JANE WELLS: We also filmed in Sweden where the Swedish have a broader sense of what sex trafficking is than most people do in this country. They look at a continuum of harm in the lifetime of someone who’s worked in prostitution. So it might be that right now, at this moment in time somebody doesn’t self-identify as a victim and doesn’t believe they are being trafficked. But it could be that they were under pimp control in the past, or it could be that later on in their life they might be threatened or forced to continue sex work and be very damaged by the process. That view means that anybody in the sex industry is certainly very susceptible, if not already partaking in sex trafficking. I found that argument to be incredibly compelling to me, especially in relation to Danielle, because we’re working with her a decade after she came out of the life and she’s still experiencing and re-experiencing a tremendous amount of trauma now.

NEWSHOUR: Were there aspects of sex trafficking that you didn’t get to address that you would have liked to explore more?

JANE WELLS: Well, I think one of them is the socioeconomic factors that make people more vulnerable to the manipulation that comes from pimps. And that can be runaway children, homelessness, hunger, and other factors. We weren’t able to touch deeply on that and that’s a huge factor. I think that there is a statistic out there that 30 percent of runaway youths will have some sort of encounter with the trafficking industry within 48 hours of leaving home. So just by the nature of being a runaway, of being hungry, of being on the streets, there’s this huge vulnerability there that pimps and traffickers can prey on. Also we didn’t have any male victims, boy victims. And the perception all along tends to be that the boys and men don’t have pimps. And when we were finishing the film, we did film a former male prostitute and he did have pimps.

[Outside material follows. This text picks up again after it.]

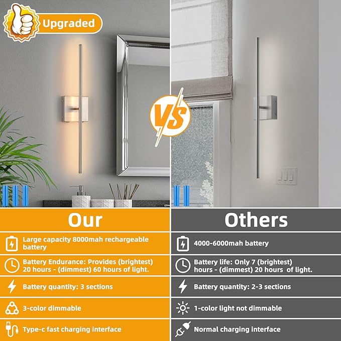 - No Wiring Required & Easy to Install: No hardwired mounting, the Wireless Wall Sconce set of 2 only takes a few minutes to install. With a sleek and contemporary design, can rotate 350° to adjustthese sconces effortlessly blend into any indoor space, providing both functionality and style. Effectively illuminates all spaces in your home during a power outage.
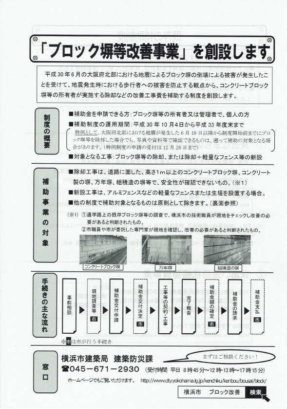 ブロック塀等改善事業 コンクリートブロック塀等の所有者が実施する除去などの改善工事費の補助制度が創設されます。 ブロック塀等改善事業 共有: クリックして X で共有 (新しいウィンドウで開きます) X Facebook で共有するにはクリックしてください (新しいウィンドウで開きます) Facebook クリックして印刷 (新しいウィンドウで開きます) 印刷 関連

So there’s just so much more going on out there.

JOHN KEITH WASSON: Our goal is just to begin the dialogue. We realize that 20 films about this subject matter have to be made because there’s so much detail. It’s a very complex crime that’s going on. And slowly, I think we’re figuring out as Americans that it’s happening here, and it is our fellow Americans who are falling prey.

In our own film, it would’ve been nice to explore perhaps just some of the non-stereotypical situations in the sex trafficking industry; for example, just showing that there are female pimps out there and that there are all sorts of people who are taking advantage of the industry.

NEWSHOUR: There’s now been a lot of media and public attention to sex trafficking around the Super Bowl – what effect do you think that has?

JOHN KEITH WASSON: The Super Bowl is an excellent entry point for people to learn about sex trafficking. It sheds light on this issue. But the reality is that it’s happening every day and everywhere in America. And so we want to certainly focus on it during the Super Bowl, but then keep in mind that it’s also happening elsewhere and everywhere — the other 364 days out of the year.

JANE WELLS: Because the Super Bowl is such a quintessential part of the American narrative, I think it’s also an excellent way to underscore that this is a domestic issue. Because there’s still a sense among Americans that it happens elsewhere, not right here at home.